2009; Wiley; Volume: 88; Issue: 5 Linguagem: Inglês

10.1002/jnr.22280

1097-4547

Noelia Fradejas‐Villar, María Dolores Pastor, Miguel Burgos, Rudi Beyaert, Pedro Tranque, Soledad Calvo,

RNA regulation and disease

Abstract Astrocytes are essential cells for maintaining brain integrity. We have recently shown that the transcription factor C/EBP homologous protein (CHOP), associated with endoplasmic reticulum (ER) stress, plays a key role in the astrocyte death induced by ischemia. Meanwhile, mediators of apoptosis downstream of CHOP in the ER stress‐dependent pathway remain to be elucidated. Our aim in this work was to determine whether caspase‐11, able to activate apoptotic and proinflammatory pathways, is implicated in ER stress‐dependent astrocyte death in ischemic conditions.

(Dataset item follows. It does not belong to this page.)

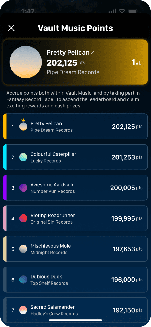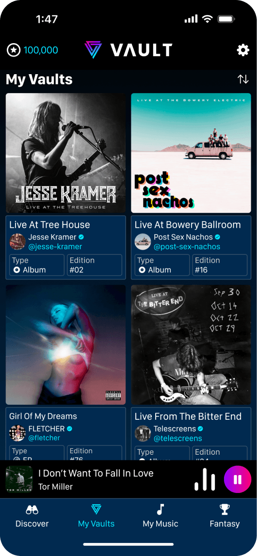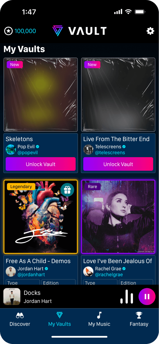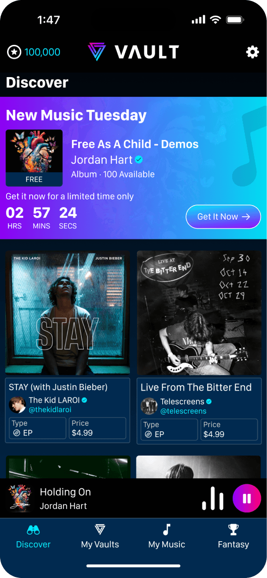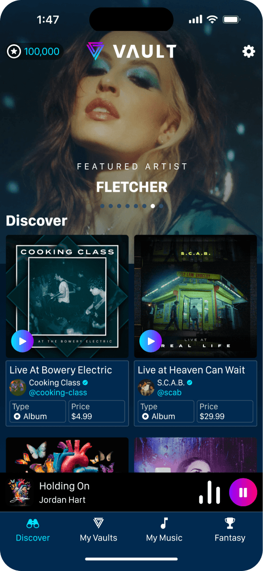 Vault Music was a cutting-edge Web3 app which empowered users to collect limited edition music. Featured in Billboard.

According to our results, caspase‐11 is up‐regulated in primary astrocyte cultures following either oxygen and glucose deprivation (OGD) or treatment with the ER‐stress inducers thapsigargin and tunicamycin. Moreover, these same stimuli increased caspase‐11 mRNA levels and luciferase activity driven by a caspase‐11 promoter, indicating that caspase‐11 is regulated at the transcriptional level. Our data also illustrate the involvement of ER stress‐associated CHOP in caspase‐11 regulation, insofar as CHOP overexpression by means of an adenoviral vector caused a significant raise in caspase‐11. In turn, caspase‐11 suppression with siRNA rescued astrocytes from OGD‐ and ER stress‐induced death, supporting the idea that caspase‐11 is responsible for the deleterious effects of ischemia on astrocytes. Finally, inhibition of caspase‐1 and caspase‐3 significantly reduced astrocyte death, which indicates that these proteases act as death effectors of caspase‐11. In conclusion, our work contributes to clarifying the pathways leading to astrocyte death in response to ischemia by defining caspase‐11 as a key mediator of the ER stress response acting downstream of CHOP. © 2009 Wiley‐Liss, Inc.